# King snake



## Terry Small Jr (Aug 31, 2008)

Found a King snake today under a stack of nucs. King Snakes are non poisonous, so I let it go right after this picture was taken. A poisonous snake would have a bloody stump instead of a head. I don't enjoy dispatching them, but our families want us to come home.


----------



## dcross (Jan 20, 2003)

Not only non-poisonous, but known to prey on venomous snakes.


----------



## NasalSponge (Jul 22, 2008)

dcross said:


> Not only non-poisonous, but known to prey on venomous snakes.
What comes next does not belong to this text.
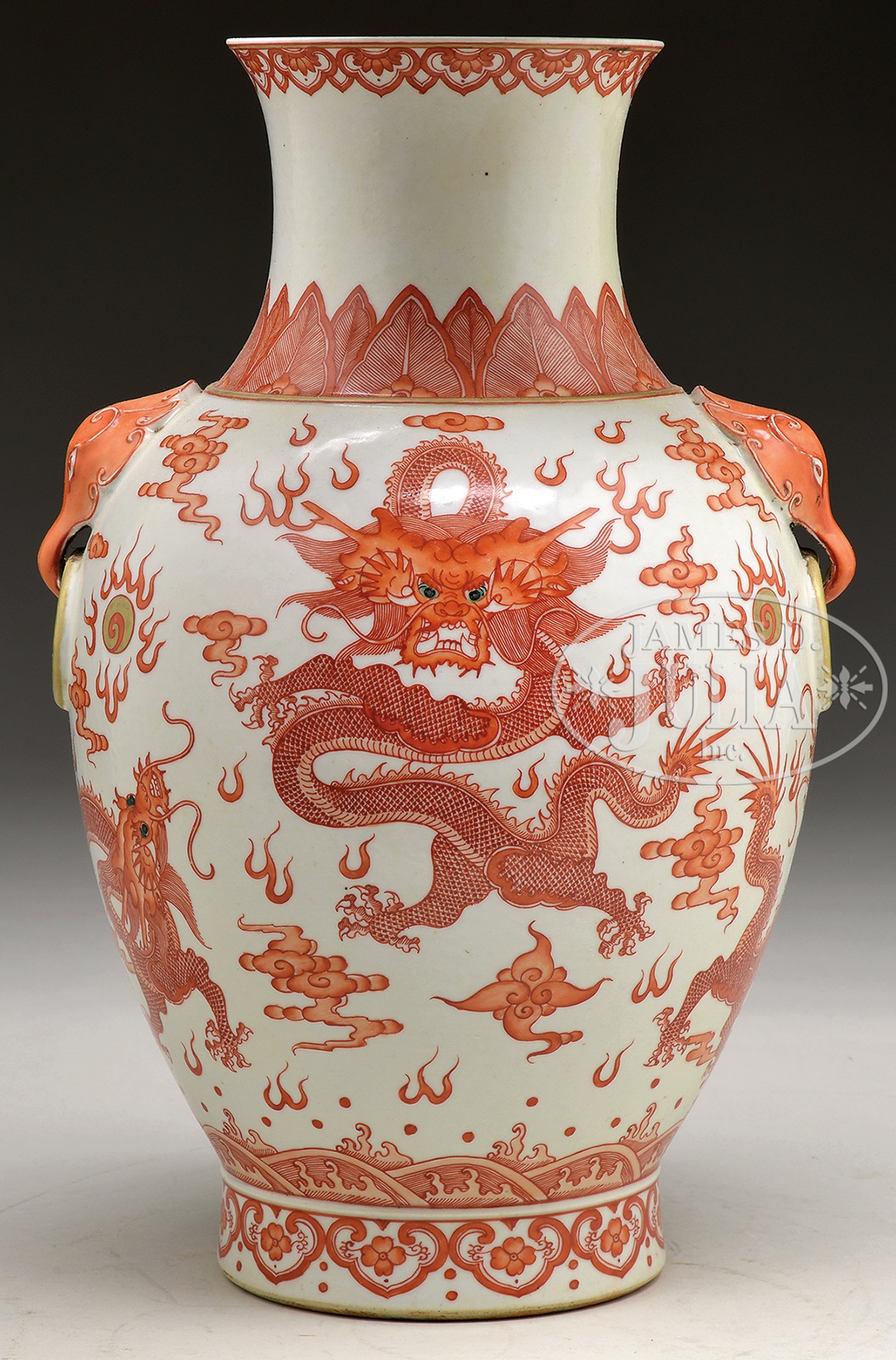 IRON RED PORCELAIN VASE.20th century, China. Decoration of dragons and clouds with borders of Ju-i and acanthus leaves. Elephant mask faux jump rings. 6 character Tau Kuang seal mark. SIZE: 10″ dia x 16″ h. CONDITION: Very good. 7-74870 (200-300) – Lot 4421

Thus the moniker...KING snake


----------



## Parke County Queen (May 22, 2006)

Wow, you run into a lot of snakes out there. I'm glad you let him go. So many people are afraid of snakes and most of them do a lot of good.


----------



## KQ6AR (May 13, 2008)

You need a lot more of those, they eat the rattlers.
Good looking king.


----------



## Hambone (Mar 17, 2008)

Young one too. I love snakes!


----------



## Wickss (Aug 5, 2009)

Are you driving a semi? Is that part of your beekeeping?


----------



## Terry Small Jr (Aug 31, 2008)

I used to drive semi trucks. That's just a 2 axle flatbed Freightliner. I never measured it, but it has about a 20 foot bed. It'll hold 6 rows of pallets with about a foot and a half left over. Doesn't ride real smooth, but the AC blows cold!


----------